DATA TO USE Block Start
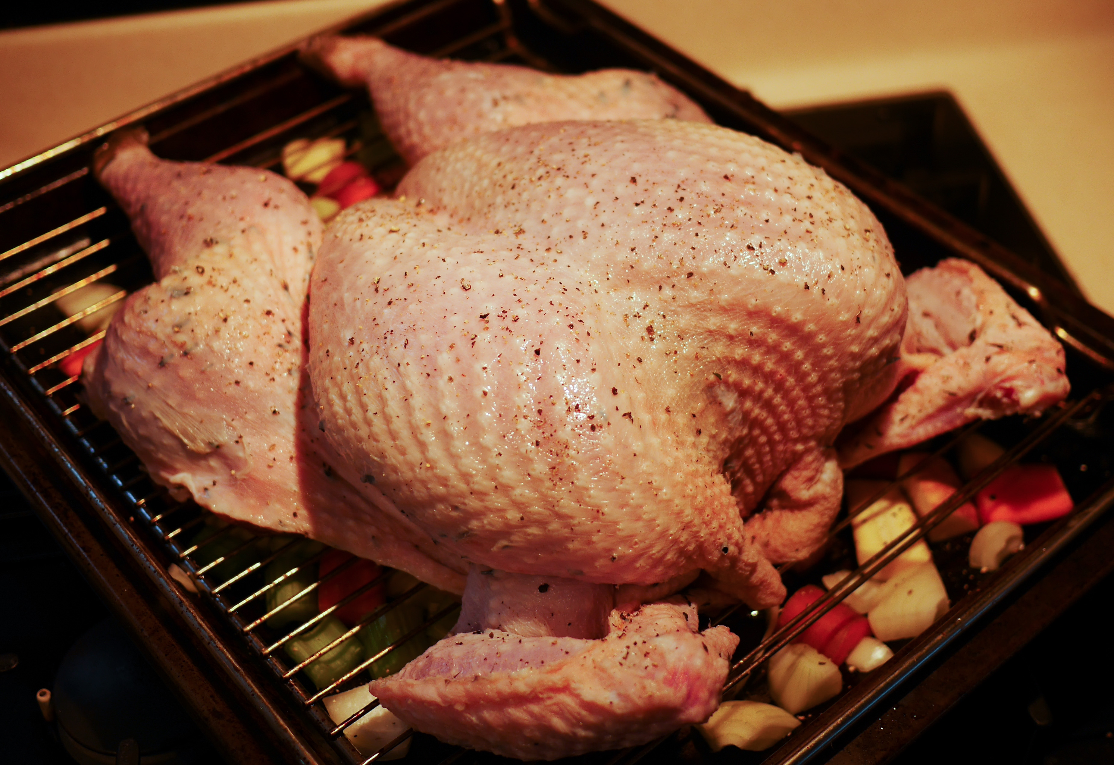 The spatchcocking process wasn’t as onerous as I was expecting, and after sterilising some secateurs it was turkey time. First, the turkey is placed breast-side down, then using turkey shears or an equivalent tool you cut down either side of the backbone, reserving it for the gravy. Removing the wishbone can make it easier to carve later, although I omitted this step. Then the turkey is turned over again and flattened out. The idea is to create a more even surface for cooking, allowing even browning all over and ensuring the breast isn’t over done. There’s no cavity for stuffing, although you can lay the turkey on top of a bed of stuffing instead. I opted to place chopped carrots, celery and onion in the bottom of the tray instead along with a little water.
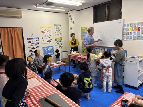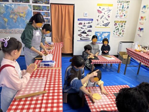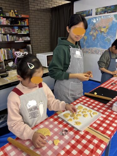 ここでみんなに一つずつ生地を渡します。ちょっと硬いけど頑張って伸ばして、ハートで型抜きをしていきます。大小さまざまのきれいなハートがたくさんできました。余った生地で自分のオリジナルの形を作ってみる子もいましたよ。
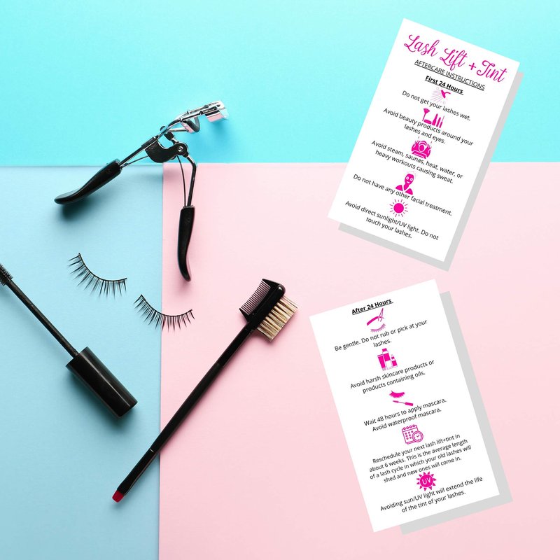 Lash Lift + Tint Aftercare Instruction Cards | 50 Pack | 2 x 3.5” inches Business Card Size | Eyelash Lift and Tint Kit at Home DIY aftercare Supplies | White with Pink Icon Design
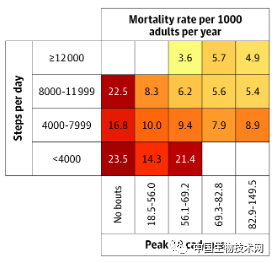 每天走4000步至7999步的1727名参与者中,每年全因死亡率为21.4‰(488人死亡);
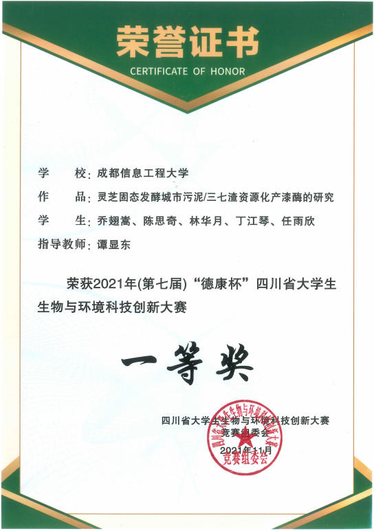 11月6日,第七届"德康杯"四川省大学生生物与环境科技创新大赛在四川农业大学雅安校区圆满落幕。通过学生和指导老师的共同努力,我院在本次大赛中有两件作品获奖:谭显东老师指导的乔翅嵩团队作品《灵芝固态发酵城市污泥/三七渣资源化产漆酶的研究》荣获一等奖,郝云庆老师指导的蒋梅团队作品《高校校园陆生脊椎动物多样性调查报告》获得三等奖。同时,谭显东老师荣获优秀指导教师奖。我院学子在该赛事上取得的优异成绩,是学校研究型人才培养的又一成果,展现了学生创新精神培养的阶段性成效。
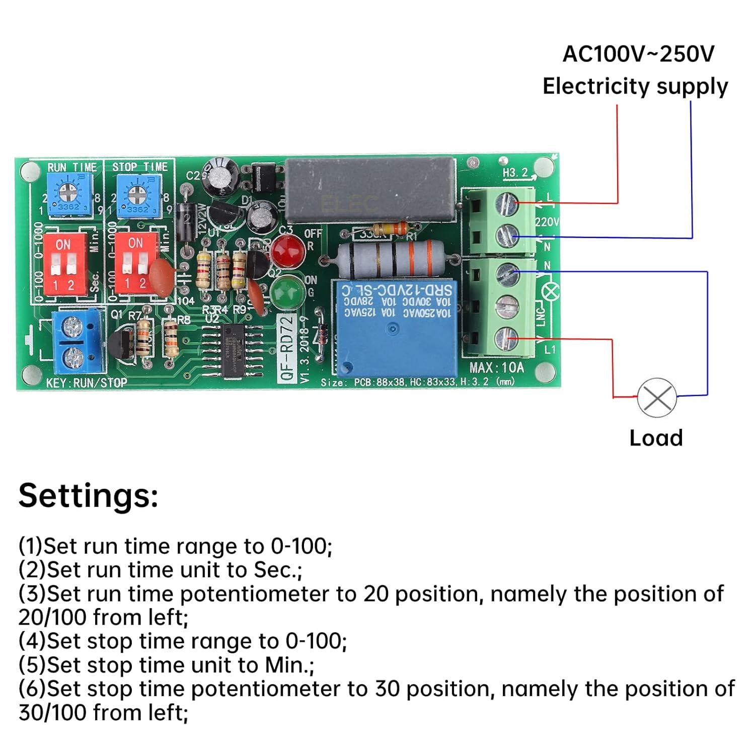 Elecbee AC100V~250V Infinite Cycle Delay Timer Timing Switch Relay Turn On Off Module 0.5s ~ 1000min Adjustable Time Delay Switch QFRD-72
DATA TO USE Block End
▶ **EXERCISE**: Set down the data above word for word, leaving every picture out.

▶ **FINAL ANSWER**:
 The spatchcocking process wasn’t as onerous as I was expecting, and after sterilising some secateurs it was turkey time. First, the turkey is placed breast-side down, then using turkey shears or an equivalent tool you cut down either side of the backbone, reserving it for the gravy. Removing the wishbone can make it easier to carve later, although I omitted this step. Then the turkey is turned over again and flattened out. The idea is to create a more even surface for cooking, allowing even browning all over and ensuring the breast isn’t over done. There’s no cavity for stuffing, although you can lay the turkey on top of a bed of stuffing instead. I opted to place chopped carrots, celery and onion in the bottom of the tray instead along with a little water.
 ここでみんなに一つずつ生地を渡します。ちょっと硬いけど頑張って伸ばして、ハートで型抜きをしていきます。大小さまざまのきれいなハートがたくさんできました。余った生地で自分のオリジナルの形を作ってみる子もいましたよ。
 Lash Lift + Tint Aftercare Instruction Cards | 50 Pack | 2 x 3.5” inches Business Card Size | Eyelash Lift and Tint Kit at Home DIY aftercare Supplies | White with Pink Icon Design
 每天走4000步至7999步的1727名参与者中,每年全因死亡率为21.4‰(488人死亡);
 11月6日,第七届"德康杯"四川省大学生生物与环境科技创新大赛在四川农业大学雅安校区圆满落幕。通过学生和指导老师的共同努力,我院在本次大赛中有两件作品获奖:谭显东老师指导的乔翅嵩团队作品《灵芝固态发酵城市污泥/三七渣资源化产漆酶的研究》荣获一等奖,郝云庆老师指导的蒋梅团队作品《高校校园陆生脊椎动物多样性调查报告》获得三等奖。同时,谭显东老师荣获优秀指导教师奖。我院学子在该赛事上取得的优异成绩,是学校研究型人才培养的又一成果,展现了学生创新精神培养的阶段性成效。
 Elecbee AC100V~250V Infinite Cycle Delay Timer Timing Switch Relay Turn On Off Module 0.5s ~ 1000min Adjustable Time Delay Switch QFRD-72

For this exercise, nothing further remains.